54th Symphony Designers’ Showhouse, 1100 Valentine Road, Kansas City, Missouri 64111

The Rustic Tudor Revival house at 1100 Valentine Road is set on a curve of the road which was a part of the Kansas City Inter-State Fair and later became a fashionable residential neighborhood. It is built of rock faced coursed stone and dates from about 1900 from the vernacular style of George Mathews. The house is now on the Kansas City Register of Historic Places as part of the Roanoke Historic District.

The first owners were Albert E. Holmes and his wife May. He was a partner with his father in developing the Roanoke Investment Company which sold properties to those moving south out of the Quality Hill area. Having their choice of the Roanoke lots, they chose the graceful curve of Valentine Road on a bluff overlooking Roanoke Road. They later donated the land that became Roanoke Park. Mr. Holmes also served as city treasurer of Kansas City, Missouri from 1904 to serve two terms.

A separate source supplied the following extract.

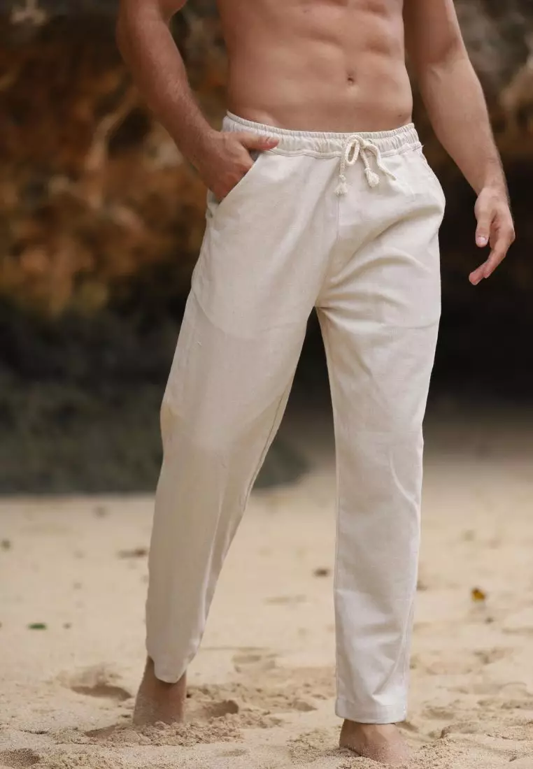 Coconut Celana Panjang Linen Pria Cream | Linen Long Pants Men Cream
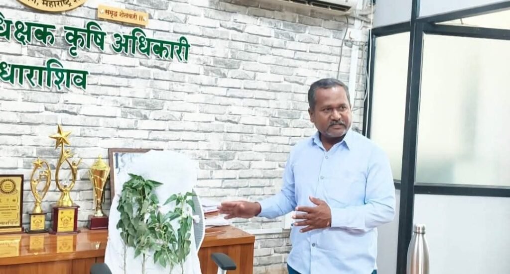धाराशिव : जिल्ह्यात खत उपलब्ध असूनही शेतकऱ्यांना प्रत्यक्षात खत मिळत नसल्याच्या आरोपावरून शेतकरी पुत्र मनोज जाधव यांनी जिल्हा परिषद येथील जिल्हा कृषी विकास अधिकारी व सेंट्रल बिल्डिंगमधील जिल्हा कृषी अधीक्षक यांच्या विरोधात अनोखे आंदोलन छेडले. संबंधित अधिकाऱ्यांच्या रिकाम्या खुर्च्यांवर बेशरमाचा फाटा ठेवत त्यांनी निषेध नोंदवला.

The second owners were Arthur W. Calkins and his wife Ina who lived there from about 1906 into the 1920s. Mr. Calkins was a millionaire pump manufacturer who started out as a traveling pump salesman who worked in northern Missouri. He visited Kansas City regularly and in 1880 organized the Kansas City Pump Company. When his widow, Ina Calkins died in 1930, her will established a charitable trust called the Ina Calkins Board managed by Bank of America and administered by an independent board of ten persons “of high character interested in their fellow man.”

From 1936-39 the home was rented by artist Thomas Hart Benton and his wife Rita after he left New York to teach at the Kansas City Art Institute. He also accepted a commission to paint a mural called “A Social History of the State of Missouri” in the House Lounge of the Missouri State Capitol in Jefferson City, Missouri. He entertained such famous artists as Jackson Pollock (his student), Grant Wood, and John Steuart Curry. The Bentons bought the home at 3616 Belleview Avenue which is preserved as the Thomas Hart Benton Home and Studio Historic Site.

The next owners were Franklin C. Willhite and his wife Doris. Mr. Willhite was Department Manager of KC Fire and Marine Insurance. Doris Willhite attended schools in Kansas City where she excelled and then taught there for 30 years. She also loved her several homes inside and out and furnished them with antiques. One of her daughters remembers an old ice house where she used to play.

During the 1980s and 1990s the Ekillis (Skip) and Regina Chandler family lived in the house. Skip purchased Security Safe and Alarm on Troost Avenue and also kept up with extensive gardening including vegetables which he generously shared. One of the Chandler children remembers using the small fish ponds as swimming pools for the younger neighborhood kids during the summer holidays.

Scott and Rhonda Burnett have lived in the house for 30 years and greatly enjoyed the Roanoke neighborhood which Scott represented as a Jackson County legislator for 20 years.

The current owners who graciously share their home are Brian Cahill, retired, and Mindy Goodman, a textile artist.